Deterrence moves offshore
NATO's response has been practical rather than symbolic.
In January 2025, the alliance launched Baltic Sentry to strengthen protection of critical infrastructure in the Baltic Sea. Secretary General Mark Rutte said the mission would enhance NATO's military presence and improve the ability of allies to respond to destabilizing acts.
The mission includes frigates, maritime patrol aircraft and naval drones. It also brings national surveillance assets and industry into a wider network designed to protect undersea infrastructure and improve resilience.
That matters because no alliance can watch every cable, pipeline and landing point all the time.
The realistic goal is not perfect protection. It is better awareness, faster response and higher costs for actors that use commercial shipping or legal ambiguity as cover.
Europe's challenge is also legal.
Much of this infrastructure lies in exclusive economic zones or international waters, where authorities may have limited power to board or detain a vessel without clear evidence or flag-state cooperation.
Carnegie analysts have noted that European states must prepare for cases in which the legal mandate is less concrete than in recent inspections.
That is why deterrence now depends on a mix of tools: maritime surveillance, sanctions enforcement, insurance scrutiny, port-state controls, forensic investigation and closer public-private coordination.
Military patrols are only one part of the answer.
The United States and allied states have a clear interest in this response because transatlantic data flows, defense communications and financial systems depend on the same physical networks.
But the issue is broader than alliance politics.
It affects Europe's energy security, the private companies that own much of the infrastructure, and smaller states that may have fewer redundant routes if a cable is cut.
The strategic inference is clear.
Undersea infrastructure has become a pressure point because it is vital, exposed and difficult to defend without escalation. A hostile actor does not need to dominate the Baltic Sea to create uncertainty there.
It only needs to make every outage politically suspicious and every repair a security question.

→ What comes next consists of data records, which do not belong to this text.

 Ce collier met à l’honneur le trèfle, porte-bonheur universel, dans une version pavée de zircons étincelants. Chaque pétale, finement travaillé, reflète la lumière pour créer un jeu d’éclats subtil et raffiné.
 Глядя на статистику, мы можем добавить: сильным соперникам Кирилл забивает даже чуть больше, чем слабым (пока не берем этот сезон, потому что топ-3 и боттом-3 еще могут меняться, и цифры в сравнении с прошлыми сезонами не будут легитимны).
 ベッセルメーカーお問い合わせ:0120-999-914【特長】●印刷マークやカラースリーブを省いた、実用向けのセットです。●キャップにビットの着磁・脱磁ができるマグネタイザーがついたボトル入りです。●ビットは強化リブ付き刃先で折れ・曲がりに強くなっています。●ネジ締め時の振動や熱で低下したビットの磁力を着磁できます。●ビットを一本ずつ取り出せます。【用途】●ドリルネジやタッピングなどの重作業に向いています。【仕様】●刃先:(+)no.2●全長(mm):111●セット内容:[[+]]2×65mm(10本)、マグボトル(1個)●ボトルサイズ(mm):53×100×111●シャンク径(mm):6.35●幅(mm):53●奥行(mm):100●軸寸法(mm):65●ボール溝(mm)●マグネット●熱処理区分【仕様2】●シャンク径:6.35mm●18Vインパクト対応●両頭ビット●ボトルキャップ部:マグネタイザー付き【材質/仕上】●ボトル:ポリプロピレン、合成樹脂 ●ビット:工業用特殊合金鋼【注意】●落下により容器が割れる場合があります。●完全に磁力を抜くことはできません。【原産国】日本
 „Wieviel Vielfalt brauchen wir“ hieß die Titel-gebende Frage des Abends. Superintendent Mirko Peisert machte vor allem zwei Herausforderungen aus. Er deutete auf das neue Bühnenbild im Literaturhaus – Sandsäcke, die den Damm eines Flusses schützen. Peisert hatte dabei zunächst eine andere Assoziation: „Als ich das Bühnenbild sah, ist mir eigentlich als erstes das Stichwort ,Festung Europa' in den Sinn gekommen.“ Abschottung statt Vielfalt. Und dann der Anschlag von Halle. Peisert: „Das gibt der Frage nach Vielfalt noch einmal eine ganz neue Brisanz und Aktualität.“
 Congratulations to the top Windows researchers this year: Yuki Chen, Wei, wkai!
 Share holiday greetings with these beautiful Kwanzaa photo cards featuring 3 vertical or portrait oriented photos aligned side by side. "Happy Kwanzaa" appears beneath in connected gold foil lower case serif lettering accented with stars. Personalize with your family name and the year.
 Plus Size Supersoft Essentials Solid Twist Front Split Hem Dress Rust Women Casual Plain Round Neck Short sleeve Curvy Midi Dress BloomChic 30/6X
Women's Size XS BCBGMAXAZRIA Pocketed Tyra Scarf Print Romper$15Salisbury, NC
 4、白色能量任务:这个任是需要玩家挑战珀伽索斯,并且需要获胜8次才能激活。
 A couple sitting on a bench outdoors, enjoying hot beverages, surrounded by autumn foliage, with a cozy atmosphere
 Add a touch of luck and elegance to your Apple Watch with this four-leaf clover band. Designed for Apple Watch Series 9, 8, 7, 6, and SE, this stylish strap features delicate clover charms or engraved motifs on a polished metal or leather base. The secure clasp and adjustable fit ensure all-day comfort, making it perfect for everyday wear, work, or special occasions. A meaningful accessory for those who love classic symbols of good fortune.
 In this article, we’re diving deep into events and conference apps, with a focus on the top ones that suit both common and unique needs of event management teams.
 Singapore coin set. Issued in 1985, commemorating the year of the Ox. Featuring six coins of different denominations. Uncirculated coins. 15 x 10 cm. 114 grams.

The answer is not panic. It is resilience.
More patrols can reduce risk. Better cable mapping, faster repair capacity, stronger insurance rules and coordinated sanctions can reduce vulnerability.
Clearer legal pathways can also make enforcement more credible.
The seabed is no longer a technical space separate from geopolitics. It is part of Europe's security perimeter.
The countries that adapt fastest will be better positioned to keep their economies connected, their energy systems stable and potential adversaries uncertain about the cost of disruption.